Olvera de la Cruz discovered that counterions induce the precipitation of strongly charged polyelectrolytes by including electrostatic correlations in the analysis. Her work provided a completely revised model of electrostatic effects in complex electrolytes and in dielectrically heterogeneous media.

She has described the emergence of shape and patterns in membranes and in multicomponent complex mixtures. She and her students and postdocs discovered that electrostatics leads to spontaneous symmetry breaking in ionic membranes such as viral capsids (for which they were awarded the 2007 Cozzarelli Prize) and in fibers.
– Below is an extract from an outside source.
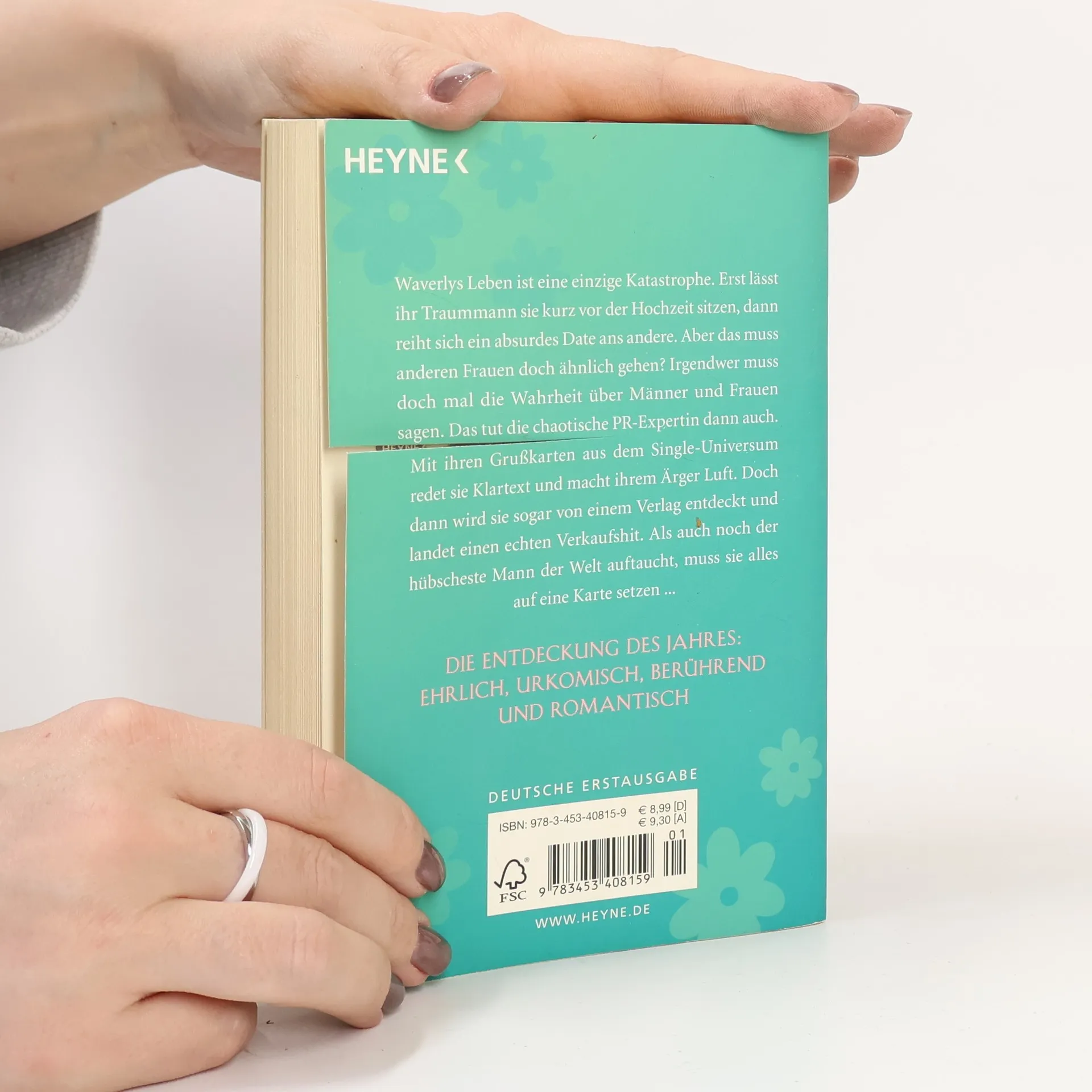 Freche Wahrheiten aus dem Single-Universum Waverlys Leben ist eine Katastrophe. Erst lässt ihr Traummann sie kurz vor der Hochzeit sitzen, dann reiht sich ein absurdes Date ans andere. Aber das muss anderen Frauen doch ähnlich gehen? Irgendwer muss doch mal die Wahrheit über Männer und Frauen sagen. Das tut die chaotische PR-Expertin dann auch. Mit ihren Grußkarten aus dem Single-Universum redet sie Klartext und wird schließlich sogar von einem Verlag entdeckt. Dann taucht plötzlich auch noch der hübscheste Mann der Welt auf, und sie muss alles auf eine Karte setzen.

They also demonstrated the spontaneous emergence of various regular and irregular polyhedral geometries in closed membranes with non-homogeneous elastic properties such as bacterial microcompartments, including carboxysomes, via a mechanism that explains observed shapes in crystalline shells formed by more than one component such as archaea and organelle wall envelopes as well as in ionic vesicles.
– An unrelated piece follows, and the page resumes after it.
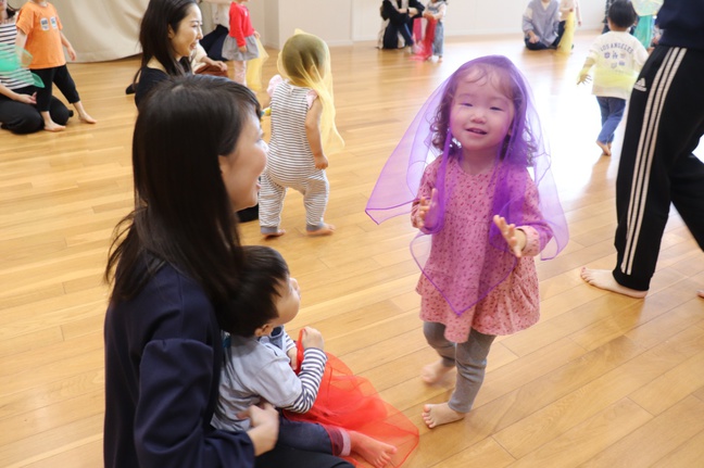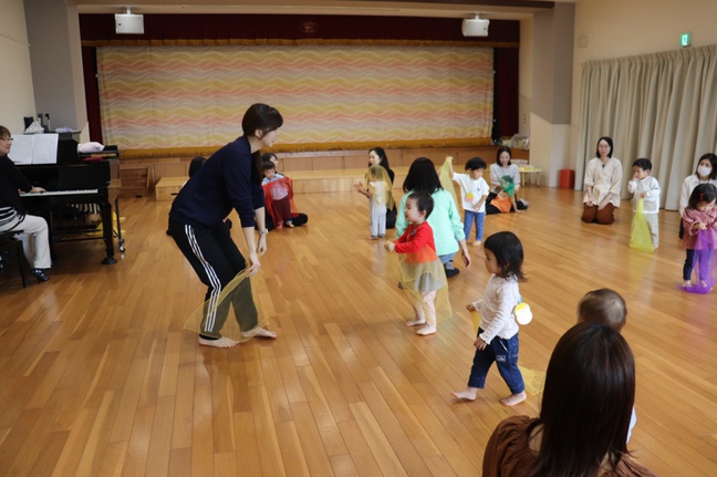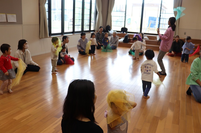 ピアノのリズムに合わせて歩いたり走ったり、また、音色に合わせてそれぞれの感性で身体表現を楽しみました。秋色のスカーフをなびかせることがとても気持ち良く、みんな笑顔になりました。

By simulating crystals of DNA functionalized nanoparticles with complementary linkers containing both small and large nanoparticles, the Olvera de la Cruz group discovered colloidal crystal "metallicity", whereby small colloids become delocalized within a larger crystal structure. They noted that the transition from the localized to delocalized state is analogous to an insulator-metal transition. Recently, she and her students showed that the localization-delocalization transition is phonon-driven. Additionally, when a localization-delocalization transition is accompanied with a crystal phase transition, it strongly resembles a Peierls transition. This transition is also found in oppositely charged colloidal crystals, resembling sublattice melting in atomic superionics.
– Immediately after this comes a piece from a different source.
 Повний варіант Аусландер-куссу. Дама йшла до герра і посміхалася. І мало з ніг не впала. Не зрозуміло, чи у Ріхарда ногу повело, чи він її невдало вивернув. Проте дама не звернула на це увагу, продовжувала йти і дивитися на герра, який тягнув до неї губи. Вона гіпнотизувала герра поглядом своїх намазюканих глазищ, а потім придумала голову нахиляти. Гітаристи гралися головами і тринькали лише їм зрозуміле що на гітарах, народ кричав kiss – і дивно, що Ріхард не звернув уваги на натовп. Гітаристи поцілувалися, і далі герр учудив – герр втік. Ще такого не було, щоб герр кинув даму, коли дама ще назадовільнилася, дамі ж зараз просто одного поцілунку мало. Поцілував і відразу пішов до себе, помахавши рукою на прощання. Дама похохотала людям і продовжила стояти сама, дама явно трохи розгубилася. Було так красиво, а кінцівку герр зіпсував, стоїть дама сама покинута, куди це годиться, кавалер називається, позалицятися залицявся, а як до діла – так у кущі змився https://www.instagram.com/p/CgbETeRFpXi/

Olvera de la Cruz and Qiao found that the binding of the SARS-CoV-2 spike protein receptor-binding domain (RBD) to the human cell receptor hACE2 can be strongly decreased by mutating or blocking the polybasic cleavage site (known as the furin cleavage site), providing a mechanism to decrease COVID 19 infection, as subsequently demonstrated experimentally.

==Awards and honors==
- 1989 David and Lucile Packard Foundation Fellowship in Science and Engineering.
- 1990 Alfred P. Sloan Fellowship.
- 1990 National Science Foundation Presidential Young Investigator Award.
- 2001 Elected Fellow of the American Physical Society
- 2007 Cozzarelli Prize, Proceedings of the National Academy of Sciences (PNAS).
- 2010 National Security Science and Engineering Faculty Fellow.
- 2010 Fellow of the American Academy of Arts and Sciences.
- 2012 Member of the National Academy of Sciences.
- 2017 Polymer Physics Prize
- 2020 Member of the American Philosophical Society
- 2020 Mérito Guillermo Soberón
- 2023 Mulliken Medal and Award of the University of Chicago

==Policy and public service==
Olvera de la Cruz was on the US Department of Energy's Basic Energy Sciences Advisory Committee from 2012–2022, and has been on the United States National Research Council since 2005. From 2005 to 2008, she was on the Mathematical and Physical Sciences Directorate Advisory Committee of the National Science Foundation. She is on the advisory boards of the Max Planck Institute for Polymer Research in Mainz and the École Supérieure de Physique et de Chimie Industrielles de la Ville de Paris (ESPCI Paris). She is currently on the editorial board for the Proceedings of the National Academy of Sciences of the United States of America, and is a member of the Gordon Research Conferences' Board of Trustees. She has been a Senior Editor for the journal ACS Central Science (2015–2022).